Бессмысленно, беззащитно гибли и гибли станичники, офицеры. Среди многих десятков раненых оказались и корпусные командиры. И только под вечер, когда утихло гибельное небо, всем, от рядового до комкора, стало предельно ясно, что вовсе не следовало, не было никакой нужды загонять конников в камыши, в болотистую непролазь. Скакать негде! А нога пехотинца ступит беспрепятственно там, где под копытом лошади прогрузнет стянутый корочкой грязевой наст, где преградят дорогу ивняковые дебри и тростники, — в разъем двух камышин проскользнёт вездесущий солдат. Но был откуда-то сверху дан приказ, политработники разожгли сердца казаков пламенными словами «За Родину, за Сталина!» — и они рванулись вперёд, надеясь, что окажутся в огромном городе одними из первых, в своём безоглядном и роковом заблуждении...
Яков не мог сдержать слёз гнева и бессилия, то зарываясь, как крот, в суглинок кручки, то озирая распах Дона, обережье, небо, где хороводили вражеские самолёты, то прикипая взглядом к черно-рыже-белому пожару на изломанном льду: взметая гривы, лошади метались вдоль крутобережья, неслись в диком страхе прочь, на зияющие чёрные водовороты, и, пронизанные осколками, взвивались, подкошенно падали, а те, что опередили их, оскальзывались на крыгах, заливисто трубя, уходили в быстро затягивающую темь...

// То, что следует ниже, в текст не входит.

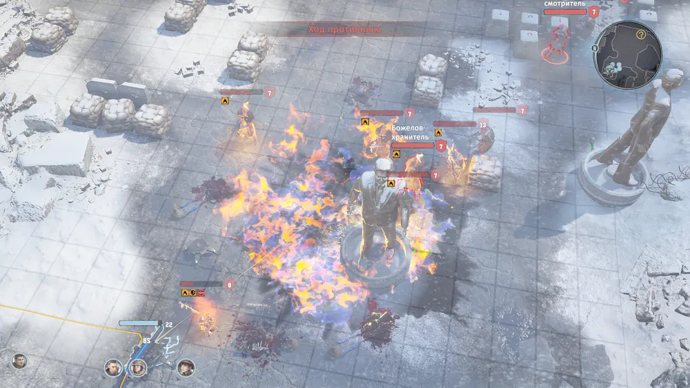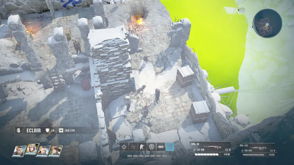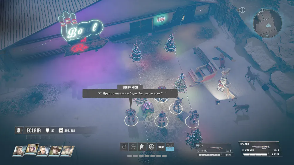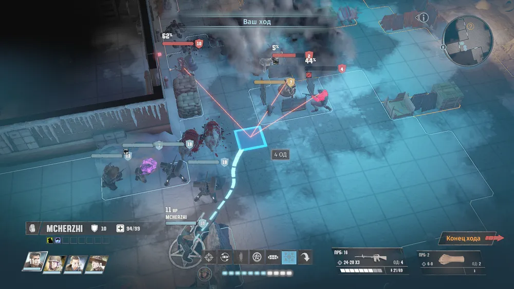 Фишка которую я оценил - возможность менеджмента очков хода. Если вы не знаете что делать, то можно пропустить ход, с сохранением action point на следующий ход, встать в глухую оборону с увеличением уклонения в зависимости от очков действий, а можно активировать «режим охраны», атакуя приближающихся соперников. Плохо то, что в режиме охраны персонаж стреляет всего один раз, независимо сколько очков действий у вас осталось.

В сумерки по-весеннему потеплело, сильно поредевшие полки 12-й и 63-й дивизий вброд, по льду с выступившей поверх водой принялись форсировать Мёртвый Донец, — он воистину оказался мёртвым.
Казаков встретил артиллерийский огонь. Однако передовым эскадронам 11-й дивизии, крадущимся вдоль берега, по камышам, подожжённым немцами, удалось ночью приблизиться к станице Нижнегниловской.

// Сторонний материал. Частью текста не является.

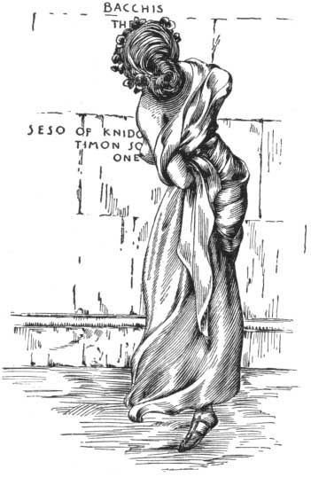 Diagonal folds furrowed the little that could be seen of her body through the light tissue; one of her elbows thrust out under the close tunic and the other arm, which she had left bare, carried the long train so it would not drag in the dust.

Частям, оставленным во втором эшелоне, был дан приказ окапываться. Сапёрные лопатки с трудом кромсали промерзший грунт, путанину камышовых и травяных корневищ. Яков копал на сменку с Епифанычем. Его казаки прижаливали, зная, что недавно из медсанбата.
— Не зря я тобе, Яшенька, гутарил, — вздохнул ополченец, передавая лопатку коноводу. — Дуром нас на лёд погнали! Считай, пол-эскадрона полегло. И лошадок пошти всех потеряли. В нашем эскадроне ни единой не осталось, в третьем — две захудалых кобылёнки. Никак в пехоту перекуют!
— Должно, так, — откликнулся тоже немолодой бородатый казак-обозник, орудующий штыковой лопатой. — Погибать везде одинаково. Нам худо, а каково антиллеристам? На собе тягают пушки. Без коней-то...
— Зараз куцы ж тягнуть? Вот под утро приморозит, колёса покатятся, — заключил Иван Епифанович.
— Ух ты, как содють! Ростов берут наши, — выпрямляясь и глядя в ночное пространство над речной долиной, точно в грозу, полыхающее молниями орудийных залпов, пожарами, проговорил дядька Кузьма Волошинов, давнишний дружок самого Будённого.
— Там, должно, ишо гуще народу, — вновь подал голос бородач. — Мы «ганса» не уменьем, а числом развоюем! Энто как на улице: отбуздали трое одного, а тот собирает кумпанию — обидчиков отметелили. Те свою шайку — побили недругов. А те — ишо, и пошло, и поехало, покеда пополнение не кончится. У немцев силёнок — кот наплакал, а Расея — страна многолюдная!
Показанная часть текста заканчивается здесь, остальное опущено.